What is expected> Omit the images and retype the records verbatim.

Data entries:
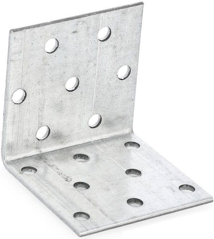 Уголок крепежный равносторонний KUR белый цинк STARFIX представляет собой металлическую пластину, согнутую под углом 90 градусов, со сторонами одинаковой длины. Получил универсальное применение, когда элементы конструкции необходимо скрепить под углом 90 градусов. Широко используется при соединении перекрытий, стоек и других деталей из древесины и древесно-стружечных плит. Изготовлен из стали и оцинкован. Крепление осуществляется гвоздями или шурупами. На один монтажный узел конструкции используется два крепежных элемента. Диаметр отверстий 5 мм.
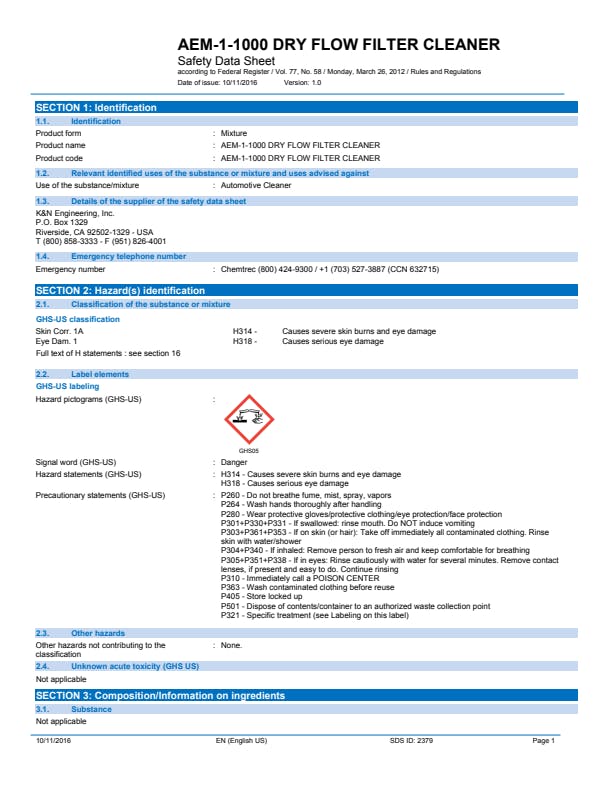 AEM Synthetic Air Filter Cleaner loosens and dissolves dirt and grime build up on synthetic filters so they can be rinsed clean with water. This cleaner is perfect for AEM Dryflow air filters and other synthetic air filters.
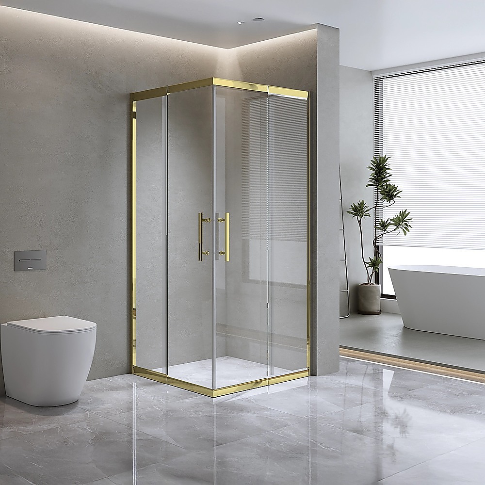 Adjustable 900x1000mm Double Sliding Door Glass Shower Screen in Gold
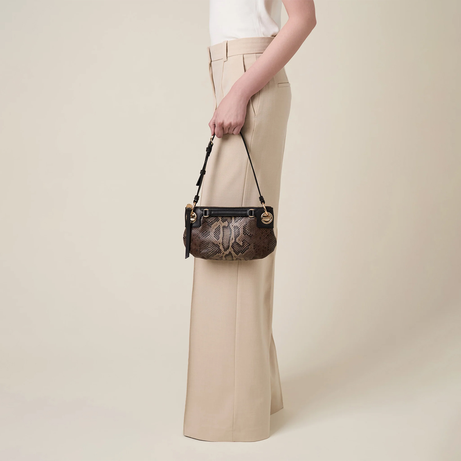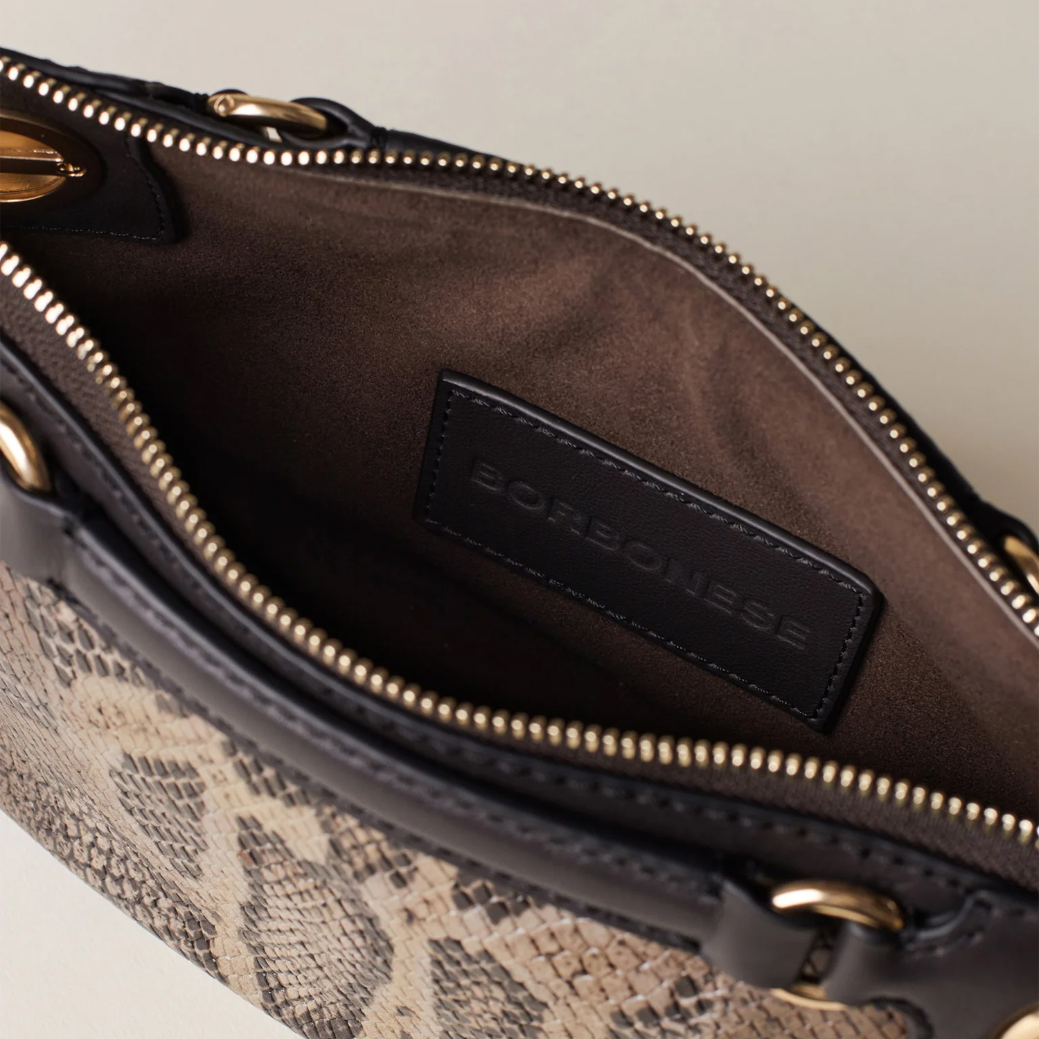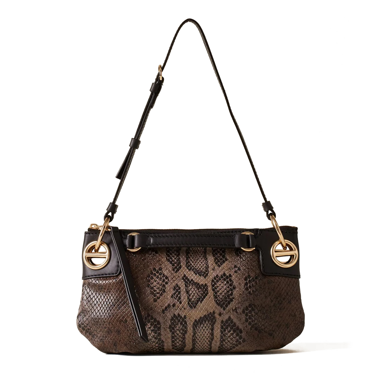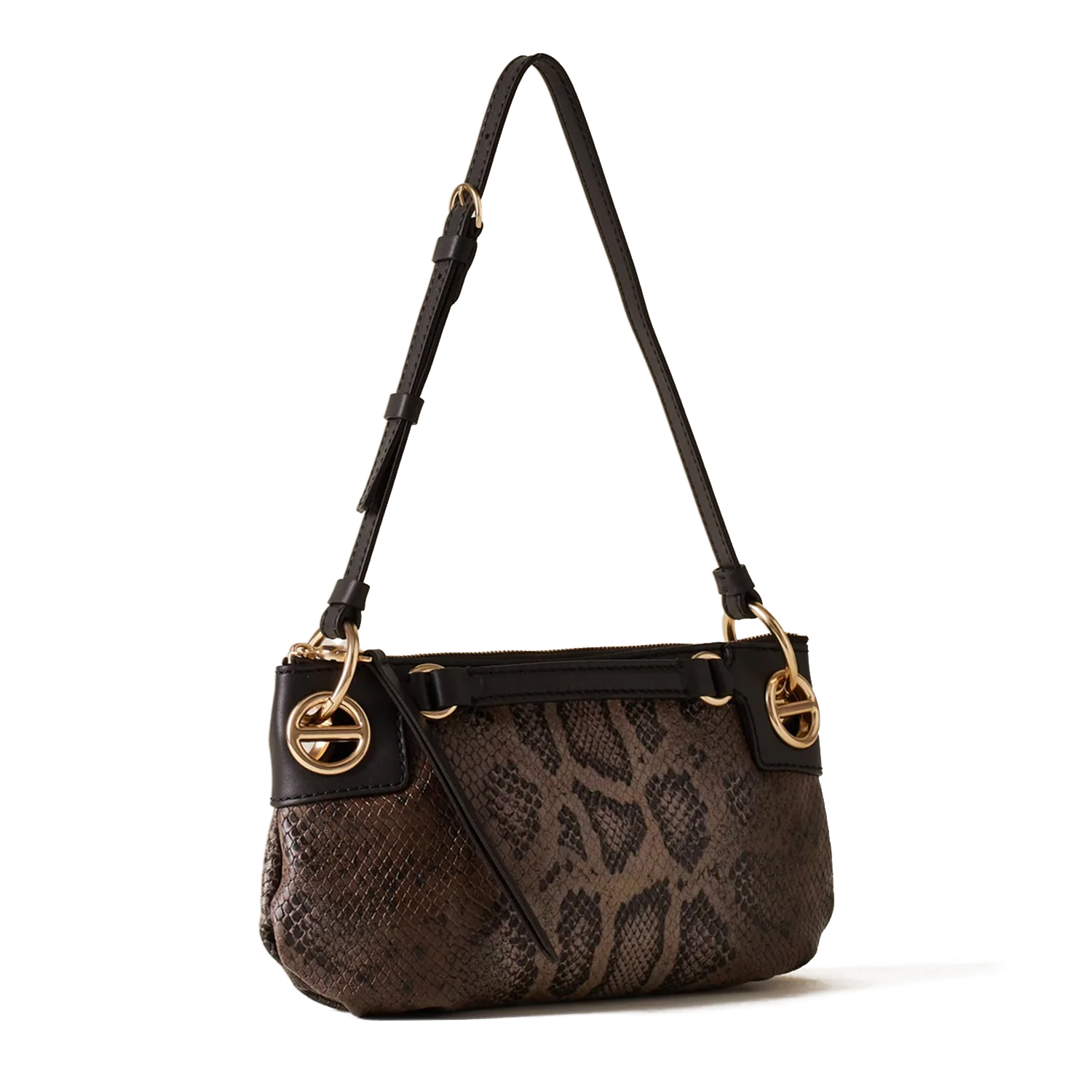 Poșetă cu design minimalist și aspect modern, confecționată din piele cu imprimeu șarpe, cu fermoar metalic și compartimentare interioară funcțională. Dispune de o curea de umăr detașabilă și reglabilă, elemente decorative de tip șurub și accesorii metalice aurii mate.
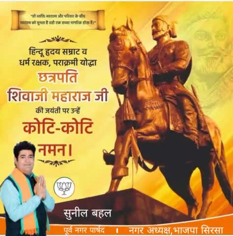 हिंदू हृदय सम्राट व धर्म रक्षक, पराक्रमी योद्धा छत्रपति शिवाजी महाराज जी की जयंती पर उन्हें कोटि-कोटि नमन I
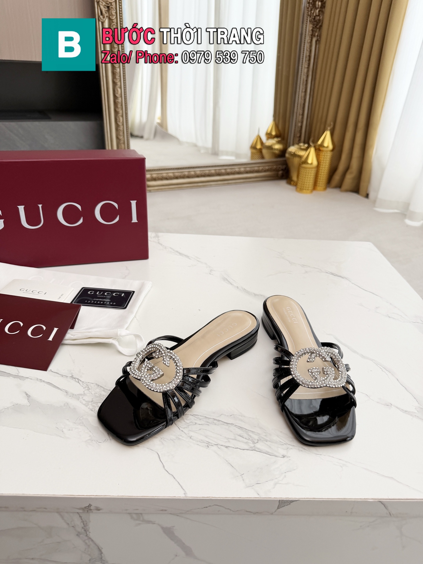 Dép GUCCI nữ đế bệt màu đen đính ngọc lấp lánh
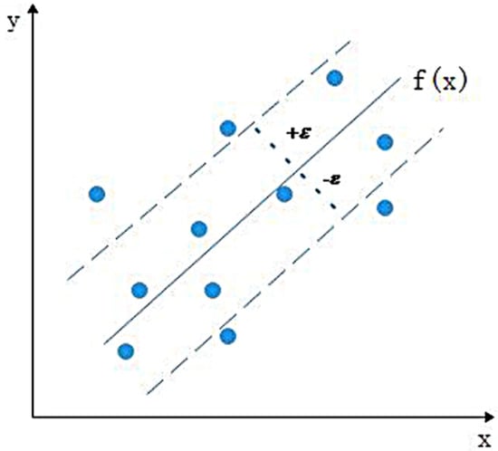 One-dimensional linear regression with -insensitive band for the support vector machine (SVM) algorithm.
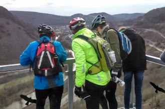 Besonders die Passage vom Kellenbachtal hoch nach Schlierschied und dann quer durch den Wald nach Hennweiler war anspruchsvoll. Über den Karlshof erreichten wir dann die Aussichtsplattform. Nach dem Blick in die Tiefe ging es abwärts und über den Naheradweg Richtung Heimat. Nach einem “Cafe und Waffeln-Stopp“ in Bad Sobernheim erreichten wir dann über Sponheim ziemlich geplättet gegen 18:30 Uhr wieder Braunweiler. |
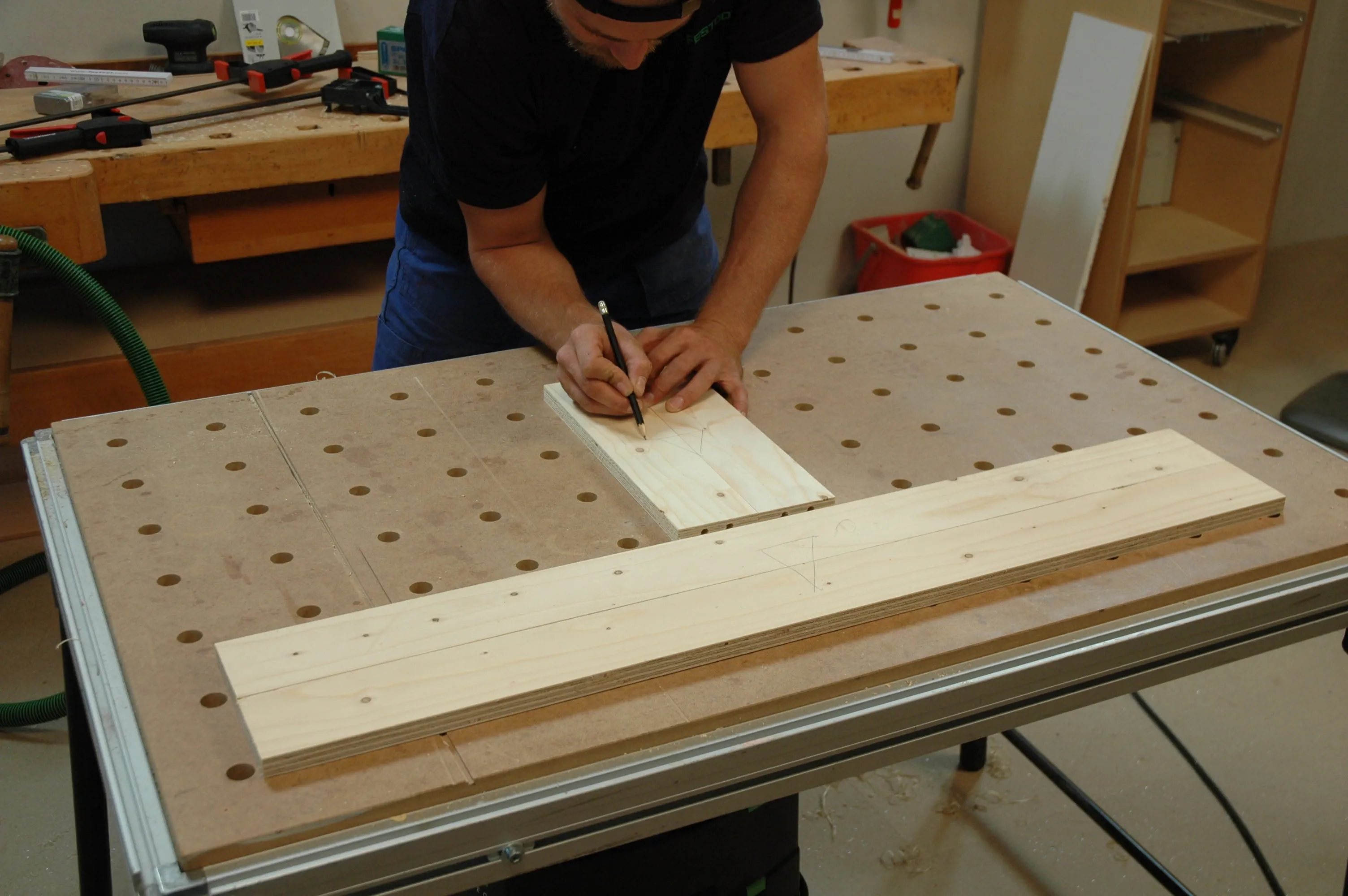 Mark the positions of the individual frame pieces using the carpenter's triangle marking system. First, drill two 8 mm dowel holes (drill depth = half the dowel length + 1 mm) into each of the short narrow edges of the frame pieces (position 6).
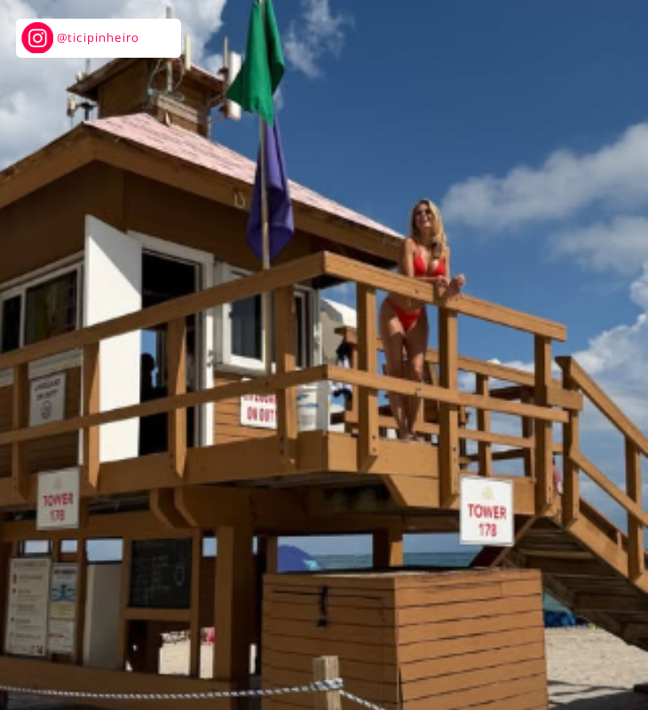 As famosas sempre deixam a web babando ao compartilharem fotos, ou serem flagradas usando biquínis. Esse é o caso de Ticiane Pinheiro, que durante viagem para Miami, nos Estados Unidos, posou com um modelo vermelho - bem no estilo baywatch, série norte-americana de sucesso - e arrasou. A seguir, confira outras famosas que também arrasaram usando a peça!
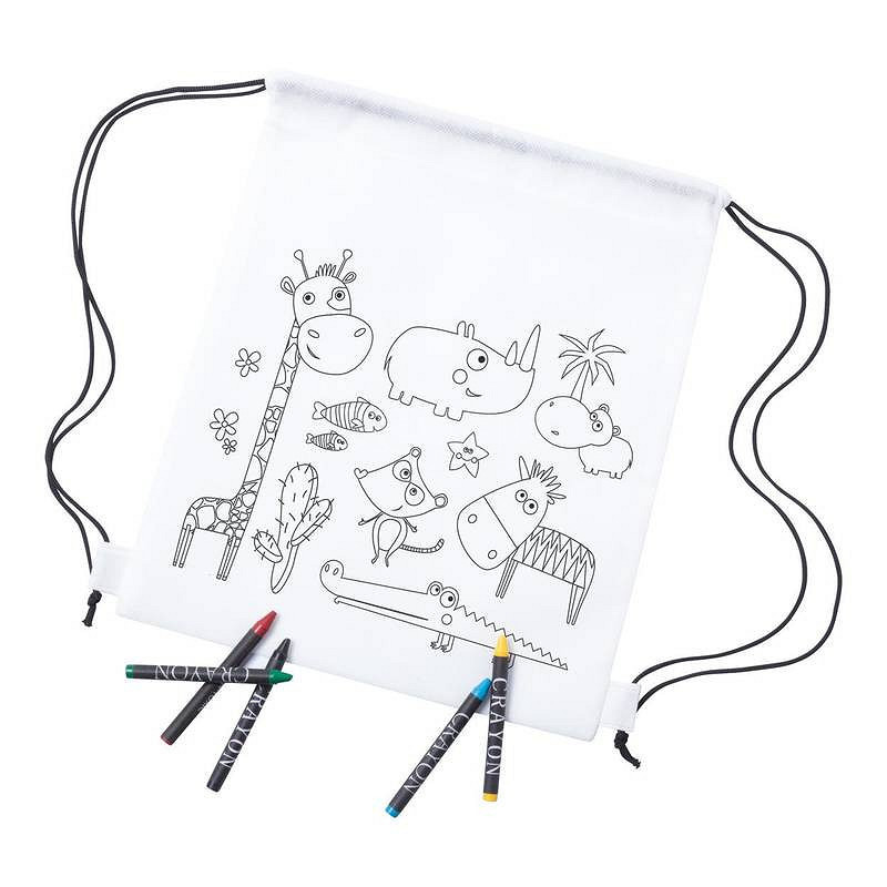 Detská vyfarbovacia taška so sťahovacou šnúrkou z netkanej textílie a 5 pastelkami.
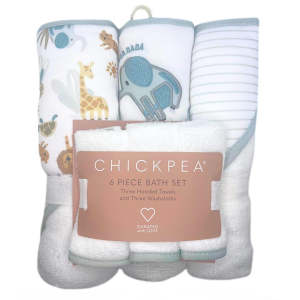 Suaves, prácticas y adorables. Este set de CHICKPEA es perfecto para envolver a tu bebé con calidez y ternura después del baño. Incluye tres toallas con capucha y juguetes de baño confeccionadas en materiales suaves y absorbentes, ideales para la delicada piel del bebé.
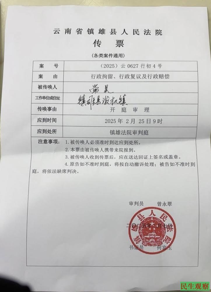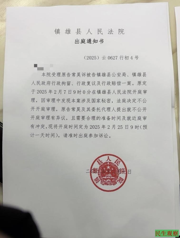 【民生观察2025年2月23日消息】本网获悉,镇雄和平归正教会常昊传道不服公安机关对他的行政处罚,对此提起行政诉讼,案件原本于2025年2月7日公开开庭,但法官说该案涉及国家秘密不公开开庭,律师和常昊传道对法院的公开开庭变为不公开开庭提出异议,最终开庭取消,变更为2025年2月25号上午九点钟开庭审理。

Exercise response>
 Уголок крепежный равносторонний KUR белый цинк STARFIX представляет собой металлическую пластину, согнутую под углом 90 градусов, со сторонами одинаковой длины. Получил универсальное применение, когда элементы конструкции необходимо скрепить под углом 90 градусов. Широко используется при соединении перекрытий, стоек и других деталей из древесины и древесно-стружечных плит. Изготовлен из стали и оцинкован. Крепление осуществляется гвоздями или шурупами. На один монтажный узел конструкции используется два крепежных элемента. Диаметр отверстий 5 мм.
 AEM Synthetic Air Filter Cleaner loosens and dissolves dirt and grime build up on synthetic filters so they can be rinsed clean with water. This cleaner is perfect for AEM Dryflow air filters and other synthetic air filters.
 Adjustable 900x1000mm Double Sliding Door Glass Shower Screen in Gold
 Poșetă cu design minimalist și aspect modern, confecționată din piele cu imprimeu șarpe, cu fermoar metalic și compartimentare interioară funcțională. Dispune de o curea de umăr detașabilă și reglabilă, elemente decorative de tip șurub și accesorii metalice aurii mate.
 हिंदू हृदय सम्राट व धर्म रक्षक, पराक्रमी योद्धा छत्रपति शिवाजी महाराज जी की जयंती पर उन्हें कोटि-कोटि नमन I
 Dép GUCCI nữ đế bệt màu đen đính ngọc lấp lánh
 One-dimensional linear regression with -insensitive band for the support vector machine (SVM) algorithm.
 Besonders die Passage vom Kellenbachtal hoch nach Schlierschied und dann quer durch den Wald nach Hennweiler war anspruchsvoll. Über den Karlshof erreichten wir dann die Aussichtsplattform. Nach dem Blick in die Tiefe ging es abwärts und über den Naheradweg Richtung Heimat. Nach einem “Cafe und Waffeln-Stopp“ in Bad Sobernheim erreichten wir dann über Sponheim ziemlich geplättet gegen 18:30 Uhr wieder Braunweiler. |
 Mark the positions of the individual frame pieces using the carpenter's triangle marking system. First, drill two 8 mm dowel holes (drill depth = half the dowel length + 1 mm) into each of the short narrow edges of the frame pieces (position 6).
 As famosas sempre deixam a web babando ao compartilharem fotos, ou serem flagradas usando biquínis. Esse é o caso de Ticiane Pinheiro, que durante viagem para Miami, nos Estados Unidos, posou com um modelo vermelho - bem no estilo baywatch, série norte-americana de sucesso - e arrasou. A seguir, confira outras famosas que também arrasaram usando a peça!
 Detská vyfarbovacia taška so sťahovacou šnúrkou z netkanej textílie a 5 pastelkami.
 Suaves, prácticas y adorables. Este set de CHICKPEA es perfecto para envolver a tu bebé con calidez y ternura después del baño. Incluye tres toallas con capucha y juguetes de baño confeccionadas en materiales suaves y absorbentes, ideales para la delicada piel del bebé.
 【民生观察2025年2月23日消息】本网获悉,镇雄和平归正教会常昊传道不服公安机关对他的行政处罚,对此提起行政诉讼,案件原本于2025年2月7日公开开庭,但法官说该案涉及国家秘密不公开开庭,律师和常昊传道对法院的公开开庭变为不公开开庭提出异议,最终开庭取消,变更为2025年2月25号上午九点钟开庭审理。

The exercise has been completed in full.